> **TASK INPUT**:
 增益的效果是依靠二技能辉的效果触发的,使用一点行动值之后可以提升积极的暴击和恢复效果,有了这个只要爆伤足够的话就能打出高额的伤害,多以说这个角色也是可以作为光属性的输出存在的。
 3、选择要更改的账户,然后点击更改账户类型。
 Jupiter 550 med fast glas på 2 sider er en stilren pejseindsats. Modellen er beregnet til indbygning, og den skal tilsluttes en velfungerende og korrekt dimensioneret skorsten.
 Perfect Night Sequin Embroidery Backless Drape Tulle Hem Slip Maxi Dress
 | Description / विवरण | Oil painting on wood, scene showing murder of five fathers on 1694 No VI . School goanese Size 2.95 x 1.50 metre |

--

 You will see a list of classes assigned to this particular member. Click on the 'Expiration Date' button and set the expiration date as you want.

> **ABOUT THIS EXERCISE**:
Out of the data above, transcribe exactly and only the lines starting with the line that has "增益的效果是依靠二技能辉的效" and going on through the line that has "1.50 metre |", both included.

> **ANSWER**:
 增益的效果是依靠二技能辉的效果触发的,使用一点行动值之后可以提升积极的暴击和恢复效果,有了这个只要爆伤足够的话就能打出高额的伤害,多以说这个角色也是可以作为光属性的输出存在的。
 3、选择要更改的账户,然后点击更改账户类型。
 Jupiter 550 med fast glas på 2 sider er en stilren pejseindsats. Modellen er beregnet til indbygning, og den skal tilsluttes en velfungerende og korrekt dimensioneret skorsten.
 Perfect Night Sequin Embroidery Backless Drape Tulle Hem Slip Maxi Dress
 | Description / विवरण | Oil painting on wood, scene showing murder of five fathers on 1694 No VI . School goanese Size 2.95 x 1.50 metre |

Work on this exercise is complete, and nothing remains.